Um an solche Schätze zu gelangen, lohnt sich eine tiefe Auseinandersetzung mit den Wurzeln von Unternehmensgeschichten. Fündig wird man aber auch, wenn man Mitarbeitern genau zuhört. Worauf ist man besonders stolz? Worüber wird gelacht? Wovor hat man Angst? Sobald die individuelle Geschichte einer Marke offen daliegt, lässt sich diese facettenreich und kreativ weitererzählen. Immer da und immer anders. So entstehen lebendige Mythen, die Menschen einander näher bringen, und starke Marken, die sich selbst treu bleiben, ohne langweilig zu werden.

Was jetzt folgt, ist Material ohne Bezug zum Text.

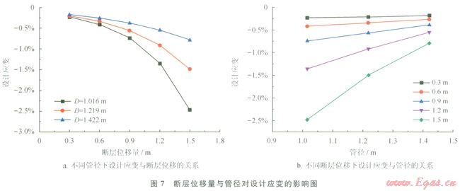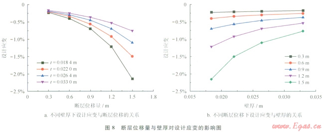 圖7、8給出了不同斷層錯動位移下管徑和壁厚對設(shè)計應(yīng)變的影響。從圖7-a和圖8-a可以看出,管徑和壁厚越大,設(shè)計應(yīng)變越小,但在不同的管徑和壁厚下設(shè)計應(yīng)變和斷層錯動量都保持著相似的函數(shù)關(guān)系。圖7-b和圖8-b給出了不同斷層位移下設(shè)計應(yīng)變與管徑和壁厚的變化規(guī)律,可以看出,設(shè)計應(yīng)變隨管徑和壁厚的變化規(guī)律比較一致,也可以用冪函數(shù)來描述。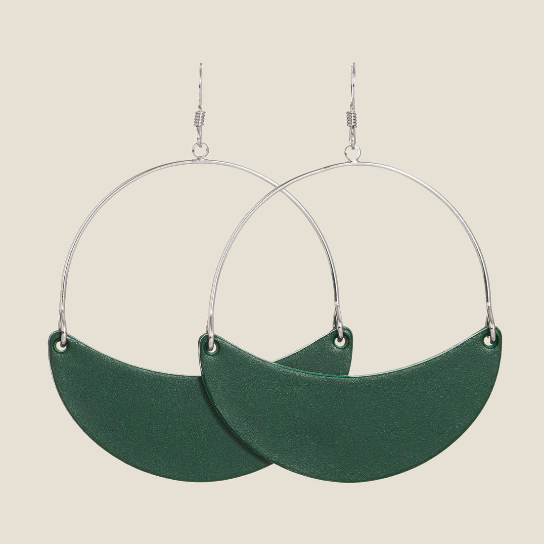 Evergreen is a classic warm-toned forest green leather with a smooth texture. The leather statement piece of this design is attached to your choice of silver or gold hoop hardware.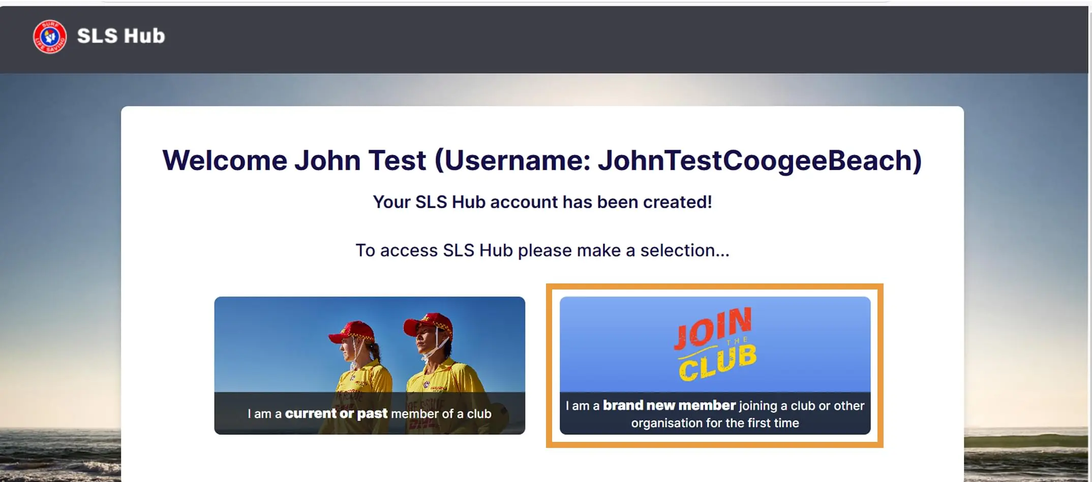 Sign in to your existing SLS Hub account. Please note, some users are having problems creating an account as you need to use your correct details that are in the system. If you need help finding your correct details, email the office on clubadminstrator@cbslsc.com.au.

Wer in die Zukunft der Kommunikation schauen möchte, wird bei der Game-Industrie spannende Hinweise finden. Hier arbeiten Autoren, Drehbuchschreiber, Gestalter und Programmierer zusammen. Ein gutes Ergebnis ist bestimmt „Heavy Rain“ (PS3, Sony). Dieser düstere Thriller ermöglicht die Einnahme unterschiedlicher Charaktere, die je nach Spielerentscheidung unterschiedliche Geschichtsverläufe evozieren. Auf diese Art und Weise entstehen eigene Geschichten in der Geschichte. Über der Geschichte von „Heavy Rain“ steht sinngemäß die Frage: „Wie weit würdest du gehen für jemanden, den du liebst?“ Hier verbindet sich Tiefe, Spielengagement, Gestaltungsmöglichkeit zu einer dichten Erzählstruktur.

Das lässt sich nicht so häufig über eine Markenkommunikation sagen. Im Storytelling stecken viele, noch ungenutzte Ressourcen, um sich einer Marke inhaltlich zu nähern und um diese involvierend nach außen zu tragen. Ich freue mich auf eine lebendige Diskussion um das Thema und auf spannende Beispiele, die da noch kommen werden.